It has benefited from new highs and, in our view, from the tendency of that demographic to be overconfident risk-takers, as described in “Boys Will Be Boys: Gender, Overconfidence, and Common Stock Investment.” Indeed, we’ve snarked on these pages that there seems to be no such thing as “bad news” for bitcoin; its adherents will spin any news as leading to bitcoin appreciation. (Our exact quote was, “Just remember: No matter WHAT happens, it's ALWAYS GOOD for Bitcoin! (Insert ROFLMAO emoji here.)”)
But the spike in bitcoin prices this year also brought a spike in scrutiny from governmental authorities in addition to (or because of) more holders.
The IRS, which has been setting rules on bitcoin since at least 2014, now has a whole page of FAQs on cryptocurrencies.
The Treasury Secretary, Janet Yellen, has said she would welcome a new regulatory structure to govern bitcoin and cryptos because “(T)here are issues around money laundering, Bank Secrecy Act, use of digital currencies for illicit payments, consumer protection and the like.”
In June, the Basel Committee recommended a 100% reserve for banks holding bitcoin and cryptos.
The scrutiny is unlikely to fade.
Last week, the Financial Times opined that the tentacles of the US financial regulatory system were so fragmented, from the Comptroller of the Currency, to the Fed, to the SEC, to the Commodity Futures Trading Corporation, that “neither fish nor foul” hybrids like crypto coins which are – what? commodities? currencies? securities? - can easily “fall through the cracks”.
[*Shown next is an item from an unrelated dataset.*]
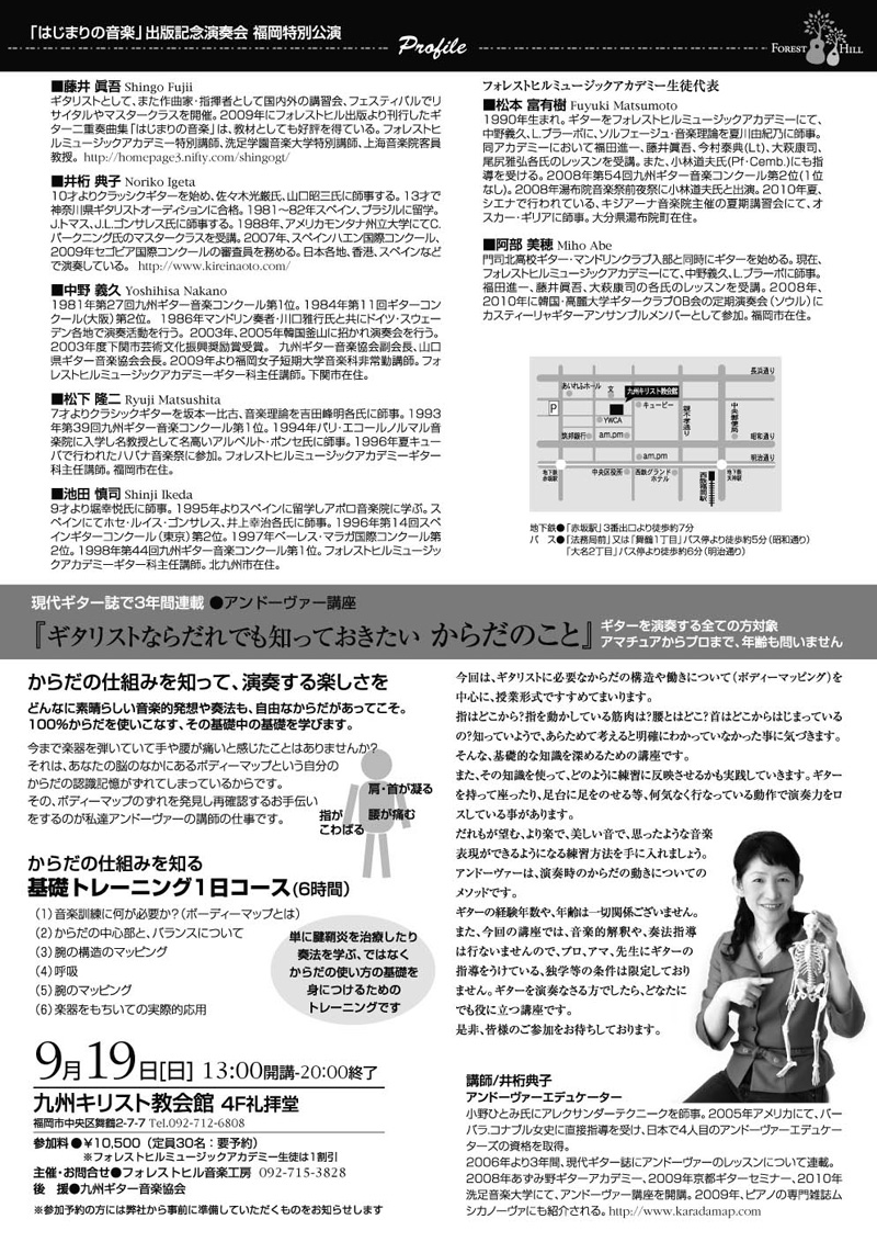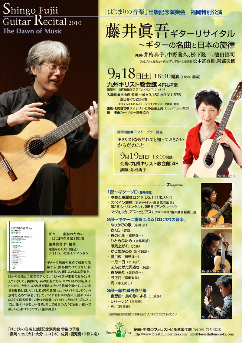 ギター二重奏曲集「はじまりの音楽」が出版されて一年が経ちます。9月は出版記念コンサートシリーズの第2弾が開催されますが18日は出版元のフォレストヒルがある福岡市で、この曲集を執筆依頼して下さったギタリストの井桁典子さんにも共演いただき、またフォレストヒルミュージックアカデミーの三人のギタリスト、中野義久氏、松下隆二氏、池田慎司氏にも出演いただいて、「はじまりの音楽」と、私の自作作品三曲を演奏するという特別プログラムです。

The Times notes that another hybrid, credit default swaps (CDS), which helped wreck the financial system in 2008 “...were hard to characterise (sic), being a form of insurance that was not regulated as such, and were seen by their advocates as being too cool to be overseen by mere bureaucrats.”
To quote Yogi Berra, “It’s like deja vu all over again” with bitcoin. Except this time, it won’t be “all over again”.
Having been “once burned, twice learned” by the unregulated CDS fiasco, we believe a whole barrage of regulation - from currency reporting, to banking reserve requirements, to national and state environmental controls on crypto mining, to local concerns about boosted electrical costs from crypto mining, even when electricity is from hydropower - awaits bitcoin and cryptos, even stablecoin. (Today's WSJ reports the Fed is concerned stablecoin may have a destabilizing effect on the financial system.)
And this is not just a US view:
Last week, the Financial Times reported that, Binance, the self-proclaimed "world's largest crypto exchange", has been admonished by the UK, Germany, Italy, Hong Kong, and Lithuania for its now-shuttered stock token exchange. The Times speculated that the shutdown "may further limit Binance’s ability to link up with the traditional financial system."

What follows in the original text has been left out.